Designed in Surrey, ZiiLabs has introduced the first 1080p Hi-profile (Blu-ray quality) media processor for handhelds.

Called ZMS-08, it offers H.264 1080p video playback, 720p video conferencing, 1080p 24frame/s encode, OpenGL ES 2.0 at 1Gpixel/s, and a 1GHz ARM Cortex A8 with 256K L2 cache for application acceleration.

Made with a 64 processing element array on TSMC's 65nm process, the device offers 31Gflop/s computation - three times that of its 24 element 90nm ZMS-06 predecessor.

An integrated HDMI controller means a device with this chip can feed 1080p video to a suitable TV for display.

Power is half that of the previous chip, CEO Hock Leow told Electronics Weekly, and, for example, the new device can decode a 720p stream using under 200mW.

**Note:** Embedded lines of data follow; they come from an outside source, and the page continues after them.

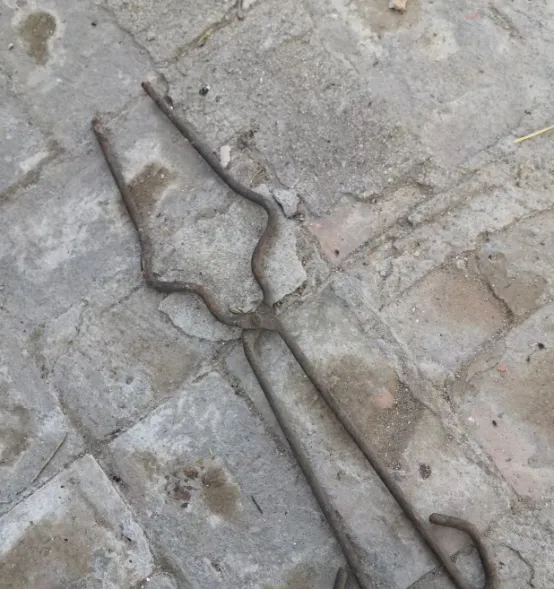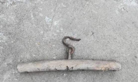 这个木横杠儿叫扁担钩,中间一枚铁S钩,挑担的时候把桶耳或者绳圈往上一搭,省事省力,赶集回来的路上,爸在前头挑,我在后头扶着桶沿,水面晃一圈又一圈,月亮落进去像被切成几瓣,扁担肩窝磨得生茧,回家把钩子往屋檐下一挂,第二天出门又能顺手提上,后来三轮车、电动小卡遍地跑,扁担钩躺在门口台阶下晒得发白。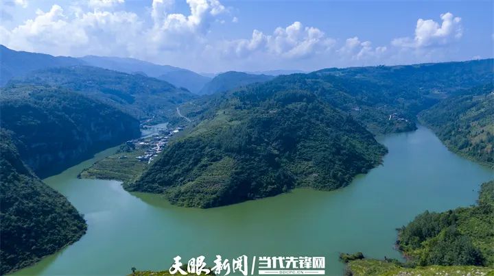 位于乌江源的毕节市纳雍县姑开乡引底河呈现高峡平湖景观,河面在蓝天白云、青山绿树映衬下美如画。张晓勇 摄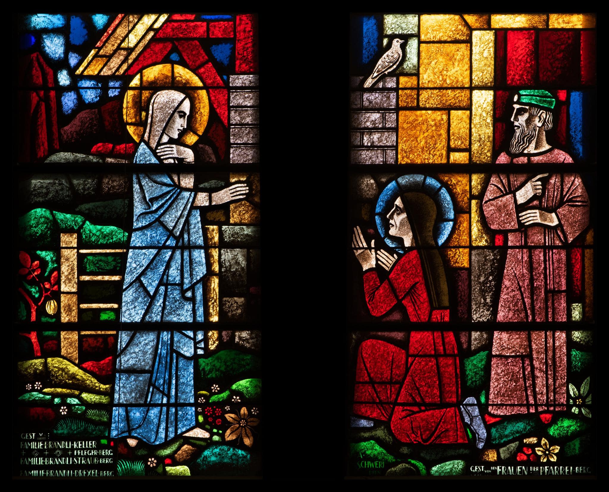 Hochrechteckige, schmale Fenster mit farbigen Rechtecken und Rahmenverzierung. Im unteren Drittel szenische Darstellungen aus dem Leben Mariens. Hier ist die Heimsuchung Mariae dargestellt. Maria grüsst die kniende Elisabeth. Im Hauseingang steht Elisabeths Mann Zacharias.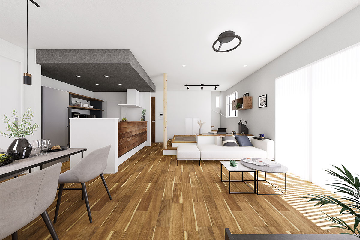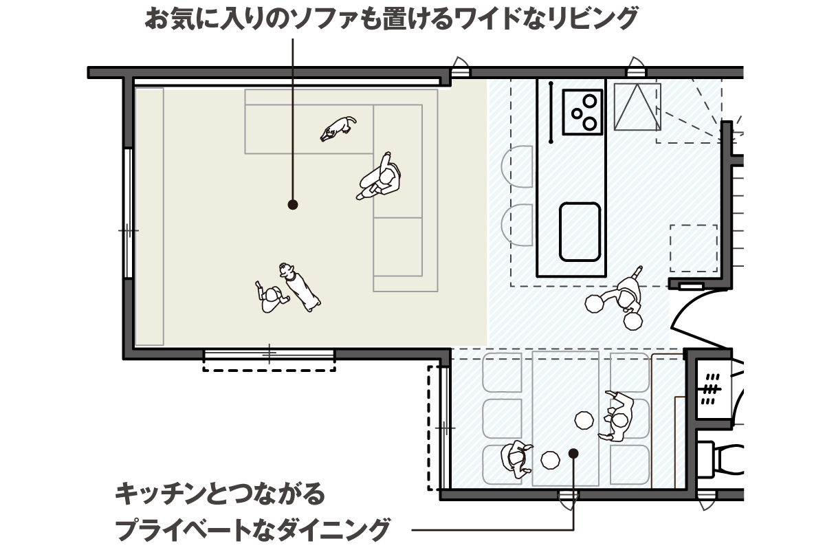 ワイドなリビングとして使って友人を大人数で集まったり、子どもたちが安心して遊べるプレイスペースとして使ったり。家族の成長やライフスタイルに合わせてダイニングをスイッチできる柔軟性の高い住まいです。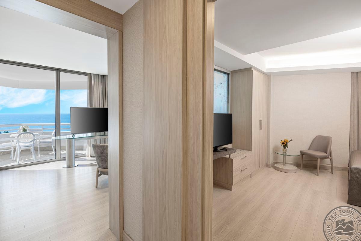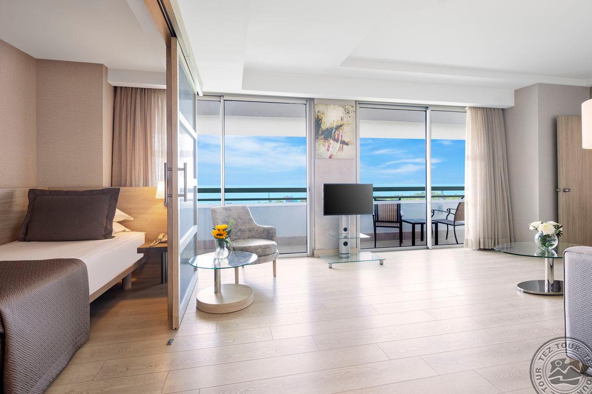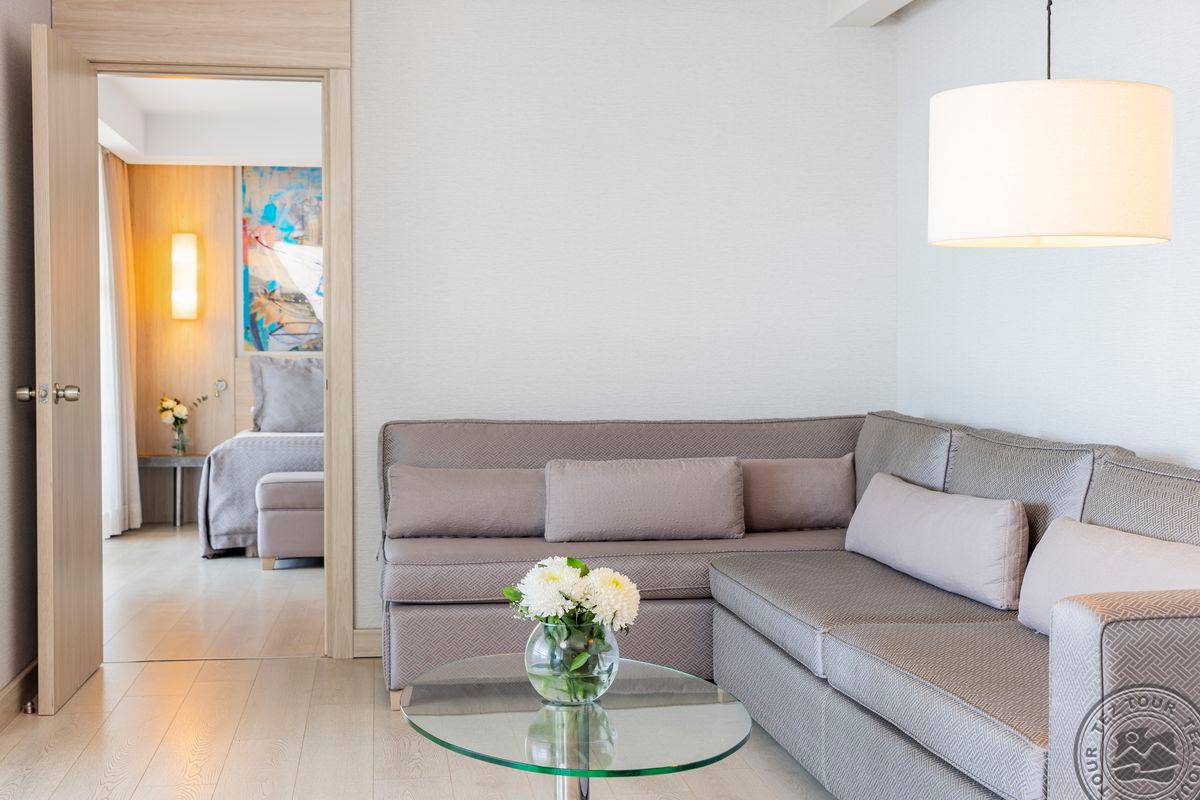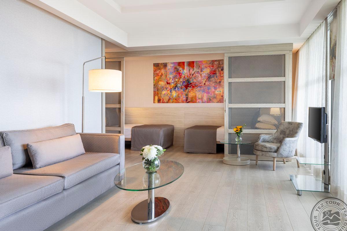 4 trijų kambarių Deluxe grand suite tipo numeriai (su vaizdu į jūrą, svetainė, 2 miegamieji su french bed tipo lova: vienas iš jų atskirtas durimis, kitas su šiaudine pertvara, 2 TV, 2 vonios kambariai (vienas iš jų su dušo kabina), maks. 4 asm., 62–70 m2).

Application targets include handheld players, video conferencing, media hubs, point of service kiosks, digital signage and netbooks.

With its Cortex-A8, in this last application the chip could handle all the media and application processing required in a Linux netbook. "If you look at Atom today trying to play back HD, you get a bunch of frame drops," said Leow. "The ZMS-08 capabilities and peripheral integration, such as dual USB controllers and HDMI, are blurring the boundary between the capabilities of the traditional PC and connected device."

Particularly for digital signs, the device has four video interfaces. "Three for displays and one camera to look at the crowd to monitorise," said Leow. "Or one customer we are talking to wants four cameras in a car - two on the sides, one on the front and one on the back."

The chip has hardware to accelerate Adobe Flash playback, and provision for 'hardware compositing' to lay graphics over images.

The 64 32bit processors are arranged in eight identical clusters. "Two clusters can do VGA video encode, and it takes six for 1080p Hi Profile decode," said Leow.

To save power, clusters can operate at different frequencies.

Libraries, called through an API, are offered for functions including FFT, FIR filters, and inverse cosine transforms. "In future we are looking at compilers," said Leow.

Support for Linux-based Android and the firm's own Plaszma operating systems is available.

Audio processing comes from ZiiLabs' X-Fi package which includes surround sound for headphones, stereo up-mix to surround sound, acoustic echo cancellation and microphone beam forming.

Packaging is 13x13mm 424pin FBGA, and volume is scheduled for the 1st quarter of 2010.

Several hardware development kits are available including the iPhone-like Egg.